• **Exercise instructions**: A faithful copy of the data is what is wanted, minus any pictures.

• **Raw data**:
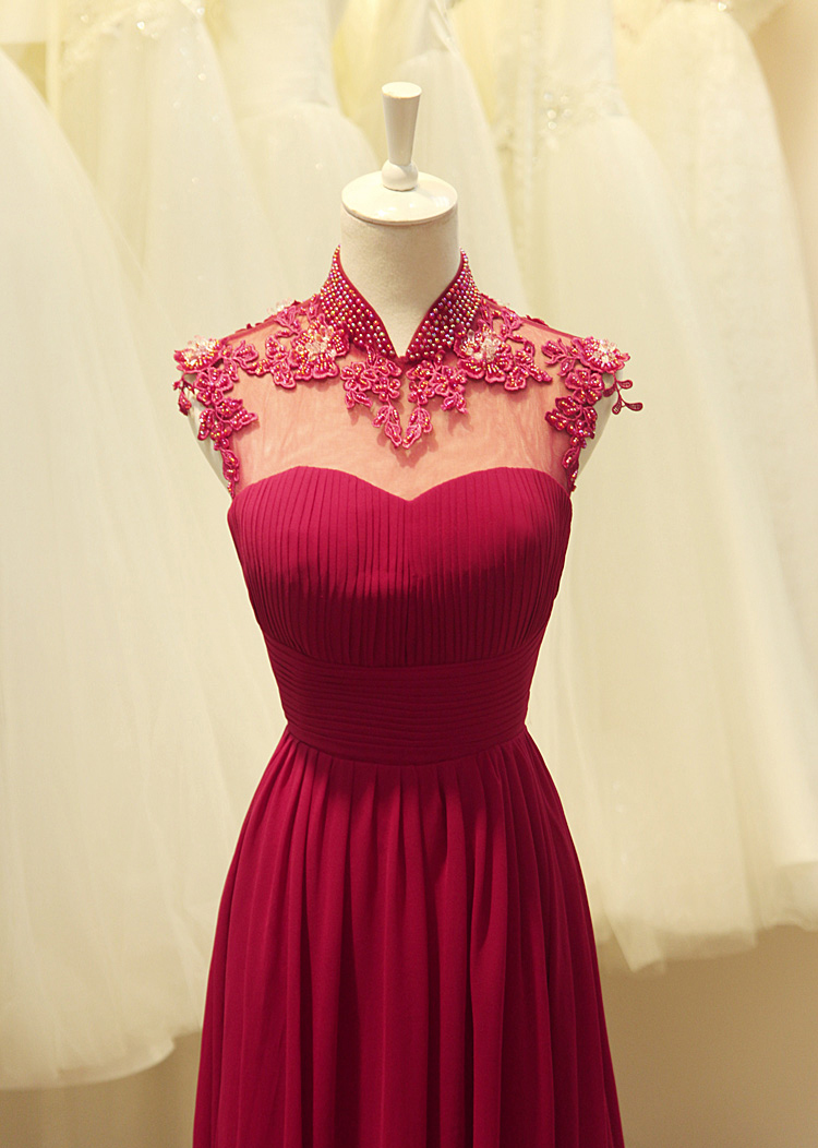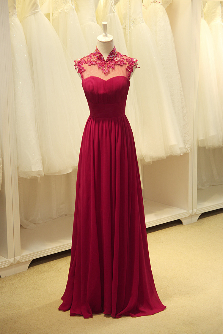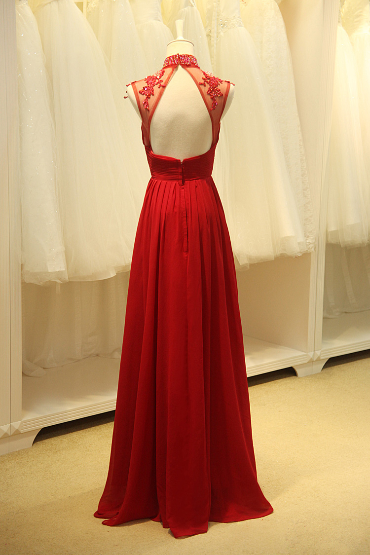 High Collar Chiffon Dress for Mother of The Bride Appliques Beading Womens Special Occasion Dresses Open Back Wedding Guest Dresses
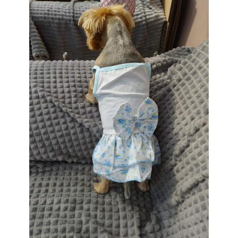 1 kép Kutyaruha - Spagettipántos könnyed ruha fehér/kék virágos színben, masnival - XS
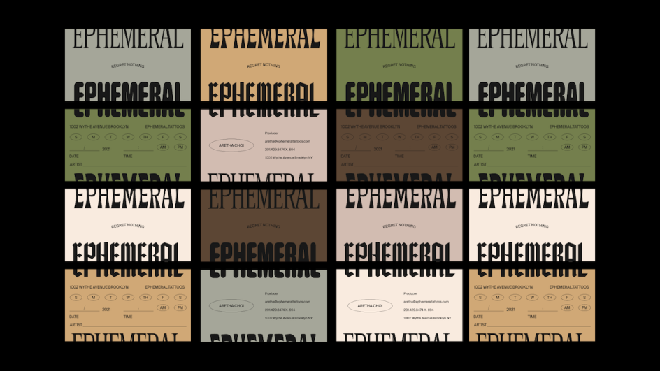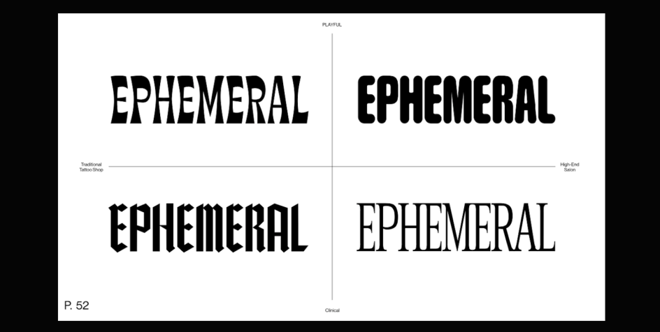 Funeral created four logos – which are essentially wordmarks, rather than traditional logos – in the end with the intention that they spoke to "an inclusive demographic that accounts for variety and shifting behaviour". All logos were designed on a grid and use the same kerning to give the sense that they have a cohesion of sorts and "inform one another." The agency created four distinct variations on the Ephemeral wordmark that each bear a different font style, ranging from a cartoonishly playful rounded sans serif to a Blackletter-style font to a more traditional looking serif. All wordmarks are set in all caps.

• **Exercise solution**:
 High Collar Chiffon Dress for Mother of The Bride Appliques Beading Womens Special Occasion Dresses Open Back Wedding Guest Dresses
 1 kép Kutyaruha - Spagettipántos könnyed ruha fehér/kék virágos színben, masnival - XS
 Funeral created four logos – which are essentially wordmarks, rather than traditional logos – in the end with the intention that they spoke to "an inclusive demographic that accounts for variety and shifting behaviour". All logos were designed on a grid and use the same kerning to give the sense that they have a cohesion of sorts and "inform one another." The agency created four distinct variations on the Ephemeral wordmark that each bear a different font style, ranging from a cartoonishly playful rounded sans serif to a Blackletter-style font to a more traditional looking serif. All wordmarks are set in all caps.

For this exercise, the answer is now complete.